Material for the task START

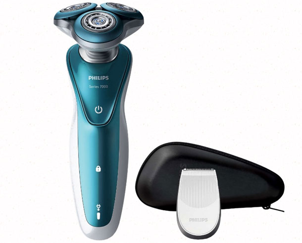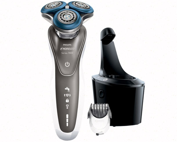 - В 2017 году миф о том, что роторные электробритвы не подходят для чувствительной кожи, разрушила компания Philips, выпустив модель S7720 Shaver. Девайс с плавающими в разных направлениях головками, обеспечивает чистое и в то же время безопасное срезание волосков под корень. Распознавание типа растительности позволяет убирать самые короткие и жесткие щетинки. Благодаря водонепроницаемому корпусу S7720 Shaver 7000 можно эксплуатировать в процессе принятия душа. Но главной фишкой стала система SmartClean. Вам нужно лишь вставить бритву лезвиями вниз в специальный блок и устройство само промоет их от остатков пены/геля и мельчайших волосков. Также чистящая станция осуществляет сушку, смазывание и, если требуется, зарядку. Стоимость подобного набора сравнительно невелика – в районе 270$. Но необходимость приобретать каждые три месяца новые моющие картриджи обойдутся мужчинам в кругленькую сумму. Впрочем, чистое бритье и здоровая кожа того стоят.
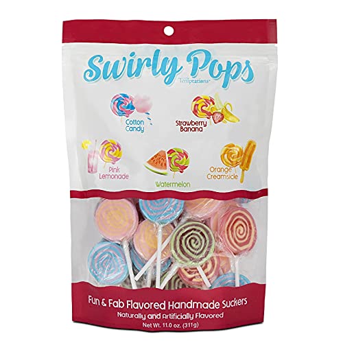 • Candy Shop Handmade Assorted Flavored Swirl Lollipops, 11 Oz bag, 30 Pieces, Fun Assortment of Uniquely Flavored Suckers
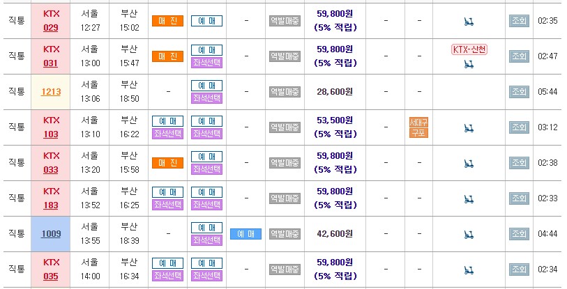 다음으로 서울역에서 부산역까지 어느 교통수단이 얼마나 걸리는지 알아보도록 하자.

Material for the task END
Material for the task START

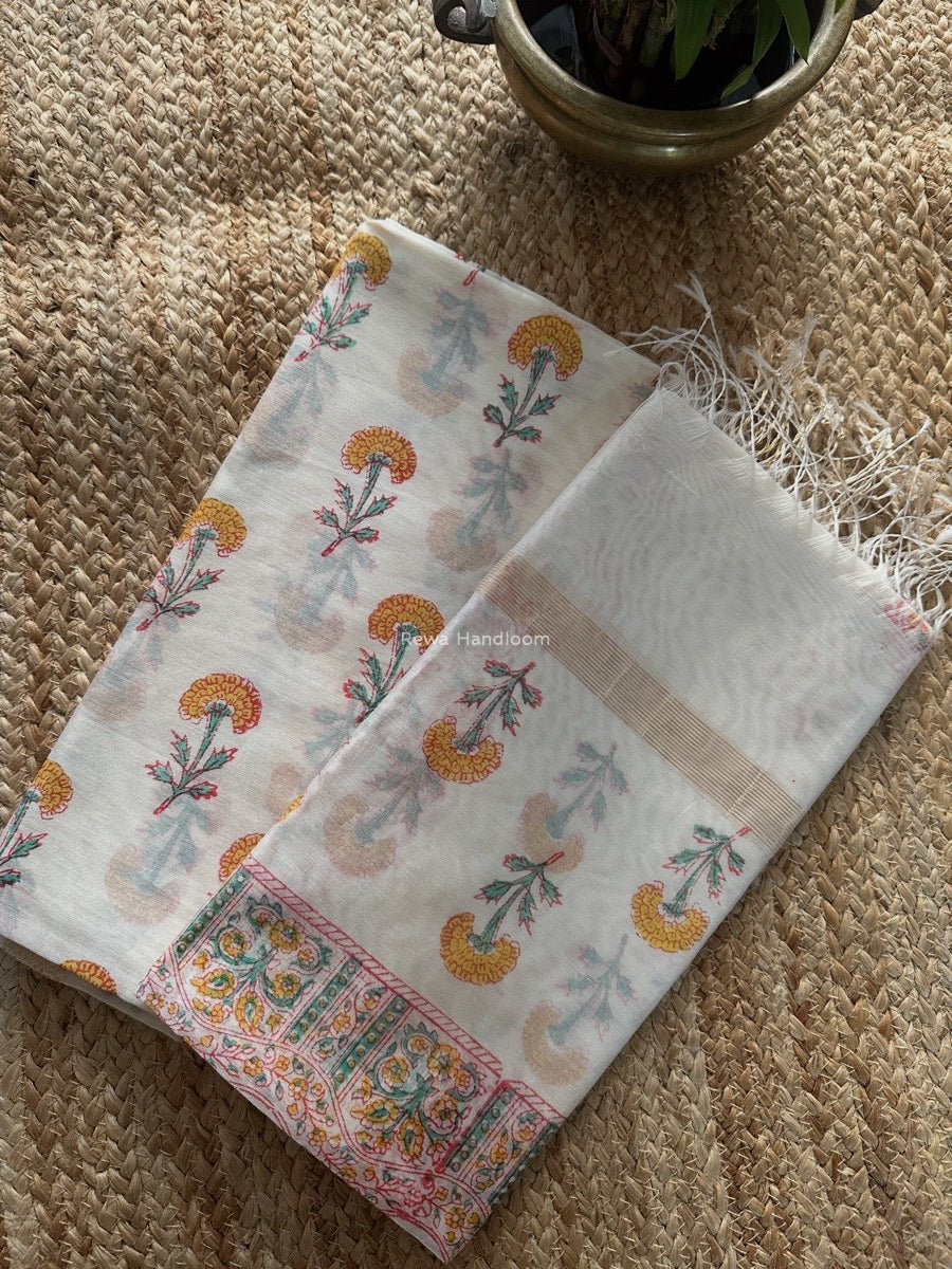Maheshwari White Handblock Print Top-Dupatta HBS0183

Material for the task END

### Exercise directions:
Transcribe only the lines above that start at the line containing "Uniquely Flavored Suckers" and end at the line containing "다음으로 서울역에서 부산역까지 어느 교통수단이 얼마나 걸리는지 알아보도록 하자.". Omit pictures.

### Exercise result:
 • Candy Shop Handmade Assorted Flavored Swirl Lollipops, 11 Oz bag, 30 Pieces, Fun Assortment of Uniquely Flavored Suckers
 다음으로 서울역에서 부산역까지 어느 교통수단이 얼마나 걸리는지 알아보도록 하자.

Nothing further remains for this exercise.